(Extracted data entries)
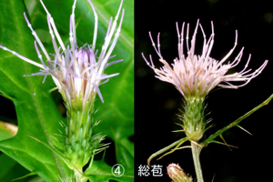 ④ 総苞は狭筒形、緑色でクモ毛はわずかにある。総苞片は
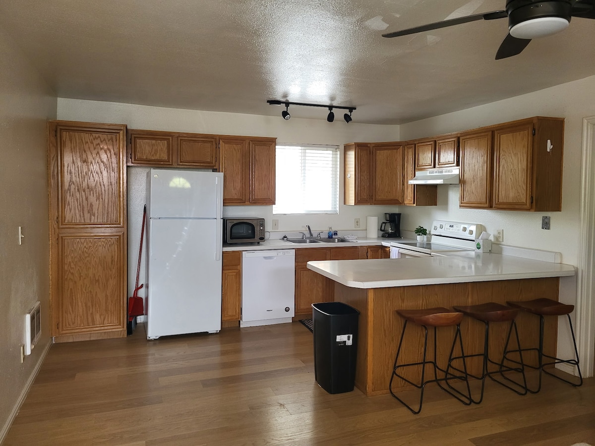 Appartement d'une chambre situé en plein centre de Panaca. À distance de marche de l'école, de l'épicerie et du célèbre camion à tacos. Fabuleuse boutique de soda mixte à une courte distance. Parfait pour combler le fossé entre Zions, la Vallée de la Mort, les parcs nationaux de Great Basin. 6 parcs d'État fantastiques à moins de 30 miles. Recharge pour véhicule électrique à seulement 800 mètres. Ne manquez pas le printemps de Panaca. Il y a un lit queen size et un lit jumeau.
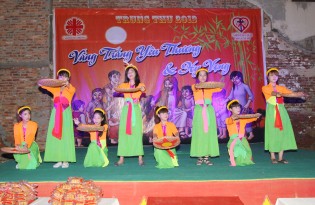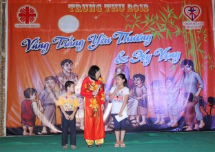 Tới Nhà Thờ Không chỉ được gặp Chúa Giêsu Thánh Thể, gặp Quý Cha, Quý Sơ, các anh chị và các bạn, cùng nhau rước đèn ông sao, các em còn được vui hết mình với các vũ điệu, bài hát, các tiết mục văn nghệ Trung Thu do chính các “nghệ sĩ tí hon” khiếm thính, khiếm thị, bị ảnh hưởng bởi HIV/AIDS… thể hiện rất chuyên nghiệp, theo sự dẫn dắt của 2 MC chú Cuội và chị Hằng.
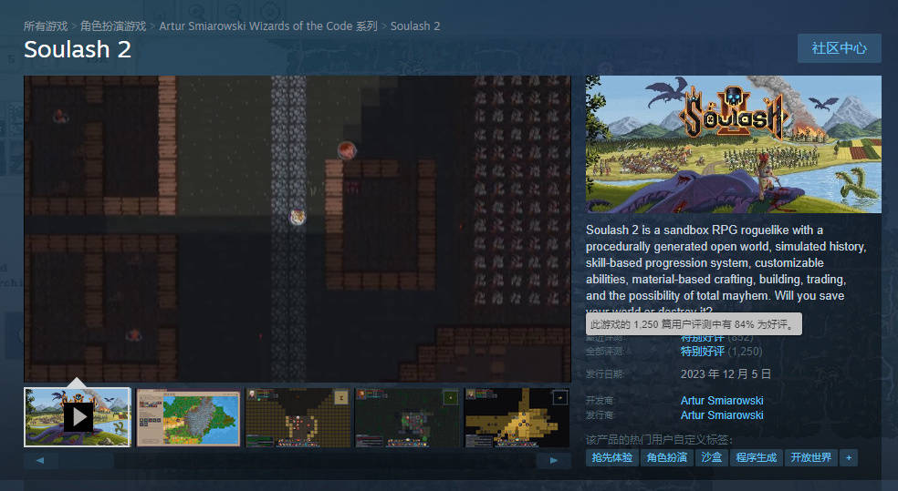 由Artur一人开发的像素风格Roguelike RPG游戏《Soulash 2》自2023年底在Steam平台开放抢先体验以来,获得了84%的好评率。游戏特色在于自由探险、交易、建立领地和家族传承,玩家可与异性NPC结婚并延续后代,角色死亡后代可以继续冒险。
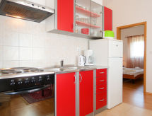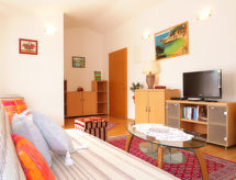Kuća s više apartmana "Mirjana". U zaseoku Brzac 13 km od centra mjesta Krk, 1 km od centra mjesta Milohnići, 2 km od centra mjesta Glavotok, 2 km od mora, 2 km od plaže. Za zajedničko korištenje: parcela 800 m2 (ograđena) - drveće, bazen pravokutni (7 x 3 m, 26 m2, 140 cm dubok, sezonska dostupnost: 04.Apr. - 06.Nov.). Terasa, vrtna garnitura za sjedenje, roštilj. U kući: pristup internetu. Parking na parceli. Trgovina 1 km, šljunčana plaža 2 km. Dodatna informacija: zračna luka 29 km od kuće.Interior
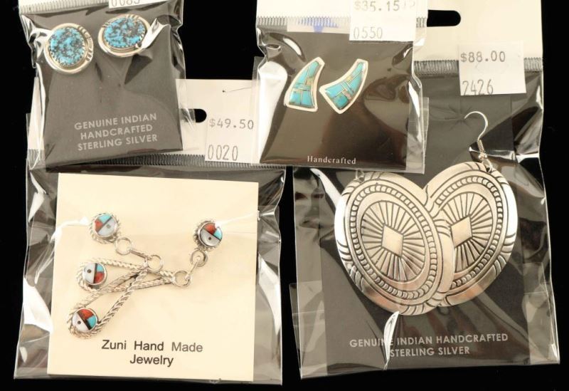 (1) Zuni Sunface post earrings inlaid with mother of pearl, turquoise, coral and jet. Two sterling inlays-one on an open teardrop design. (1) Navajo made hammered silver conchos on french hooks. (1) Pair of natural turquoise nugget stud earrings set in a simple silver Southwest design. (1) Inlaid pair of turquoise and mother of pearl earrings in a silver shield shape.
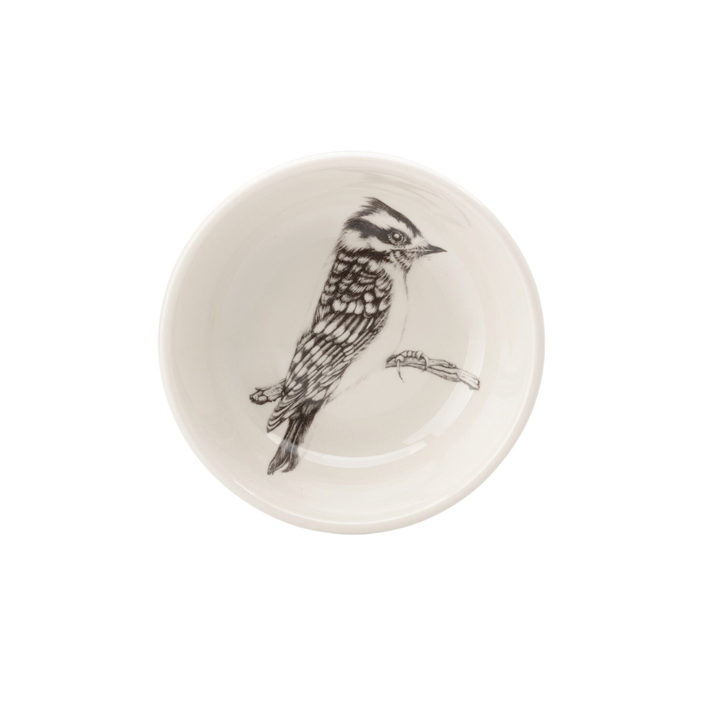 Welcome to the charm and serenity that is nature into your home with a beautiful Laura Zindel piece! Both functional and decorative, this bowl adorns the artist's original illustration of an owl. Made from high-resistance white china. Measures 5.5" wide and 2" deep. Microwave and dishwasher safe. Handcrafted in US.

WHAT TO DO
Up to and including the line with "Kuća s više", copy the data above from its first line. Skip pictures.

FINISHED EXERCISE
 ④ 総苞は狭筒形、緑色でクモ毛はわずかにある。総苞片は
 Appartement d'une chambre situé en plein centre de Panaca. À distance de marche de l'école, de l'épicerie et du célèbre camion à tacos. Fabuleuse boutique de soda mixte à une courte distance. Parfait pour combler le fossé entre Zions, la Vallée de la Mort, les parcs nationaux de Great Basin. 6 parcs d'État fantastiques à moins de 30 miles. Recharge pour véhicule électrique à seulement 800 mètres. Ne manquez pas le printemps de Panaca. Il y a un lit queen size et un lit jumeau.
 Tới Nhà Thờ Không chỉ được gặp Chúa Giêsu Thánh Thể, gặp Quý Cha, Quý Sơ, các anh chị và các bạn, cùng nhau rước đèn ông sao, các em còn được vui hết mình với các vũ điệu, bài hát, các tiết mục văn nghệ Trung Thu do chính các “nghệ sĩ tí hon” khiếm thính, khiếm thị, bị ảnh hưởng bởi HIV/AIDS… thể hiện rất chuyên nghiệp, theo sự dẫn dắt của 2 MC chú Cuội và chị Hằng.
 由Artur一人开发的像素风格Roguelike RPG游戏《Soulash 2》自2023年底在Steam平台开放抢先体验以来,获得了84%的好评率。游戏特色在于自由探险、交易、建立领地和家族传承,玩家可与异性NPC结婚并延续后代,角色死亡后代可以继续冒险。
Kuća s više apartmana "Mirjana". U zaseoku Brzac 13 km od centra mjesta Krk, 1 km od centra mjesta Milohnići, 2 km od centra mjesta Glavotok, 2 km od mora, 2 km od plaže. Za zajedničko korištenje: parcela 800 m2 (ograđena) - drveće, bazen pravokutni (7 x 3 m, 26 m2, 140 cm dubok, sezonska dostupnost: 04.Apr. - 06.Nov.). Terasa, vrtna garnitura za sjedenje, roštilj. U kući: pristup internetu. Parking na parceli. Trgovina 1 km, šljunčana plaža 2 km. Dodatna informacija: zračna luka 29 km od kuće.Interior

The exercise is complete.